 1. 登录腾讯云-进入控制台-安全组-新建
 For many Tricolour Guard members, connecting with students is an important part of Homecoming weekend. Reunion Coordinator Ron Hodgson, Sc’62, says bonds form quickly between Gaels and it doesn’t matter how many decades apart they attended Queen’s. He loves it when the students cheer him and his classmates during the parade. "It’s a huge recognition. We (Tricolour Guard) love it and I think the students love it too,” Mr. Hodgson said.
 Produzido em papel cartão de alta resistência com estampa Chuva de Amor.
####################
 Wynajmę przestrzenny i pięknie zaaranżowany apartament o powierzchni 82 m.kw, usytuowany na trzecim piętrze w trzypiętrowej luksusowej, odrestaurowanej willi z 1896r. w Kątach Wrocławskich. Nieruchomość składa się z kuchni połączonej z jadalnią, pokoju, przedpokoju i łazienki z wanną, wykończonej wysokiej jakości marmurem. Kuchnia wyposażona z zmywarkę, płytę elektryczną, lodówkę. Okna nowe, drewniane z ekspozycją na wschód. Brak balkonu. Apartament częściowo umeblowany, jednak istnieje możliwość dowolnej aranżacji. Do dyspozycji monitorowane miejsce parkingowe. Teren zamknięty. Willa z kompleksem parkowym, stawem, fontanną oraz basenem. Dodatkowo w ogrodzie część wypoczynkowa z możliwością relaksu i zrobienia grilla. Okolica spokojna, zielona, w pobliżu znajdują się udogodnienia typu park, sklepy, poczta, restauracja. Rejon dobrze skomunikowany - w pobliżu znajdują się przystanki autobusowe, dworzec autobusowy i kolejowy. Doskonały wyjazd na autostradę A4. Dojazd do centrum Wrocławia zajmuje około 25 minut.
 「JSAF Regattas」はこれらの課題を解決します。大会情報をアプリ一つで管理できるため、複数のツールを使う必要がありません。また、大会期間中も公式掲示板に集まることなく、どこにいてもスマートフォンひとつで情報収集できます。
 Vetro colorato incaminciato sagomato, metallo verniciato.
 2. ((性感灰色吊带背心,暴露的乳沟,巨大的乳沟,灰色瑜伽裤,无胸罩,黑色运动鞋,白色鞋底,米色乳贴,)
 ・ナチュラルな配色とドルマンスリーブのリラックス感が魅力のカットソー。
####################
**WHAT YOU NEED TO DO**:
Above are some lines. Repeat exactly, and only, those from the line that has "1. 登录腾讯云-进入控制台-安全组-新建" through the line that has "Produzido em papel".

**ANSWER TO THE PROBLEM**:
 1. 登录腾讯云-进入控制台-安全组-新建
 For many Tricolour Guard members, connecting with students is an important part of Homecoming weekend. Reunion Coordinator Ron Hodgson, Sc’62, says bonds form quickly between Gaels and it doesn’t matter how many decades apart they attended Queen’s. He loves it when the students cheer him and his classmates during the parade. "It’s a huge recognition. We (Tricolour Guard) love it and I think the students love it too,” Mr. Hodgson said.
 Produzido em papel cartão de alta resistência com estampa Chuva de Amor.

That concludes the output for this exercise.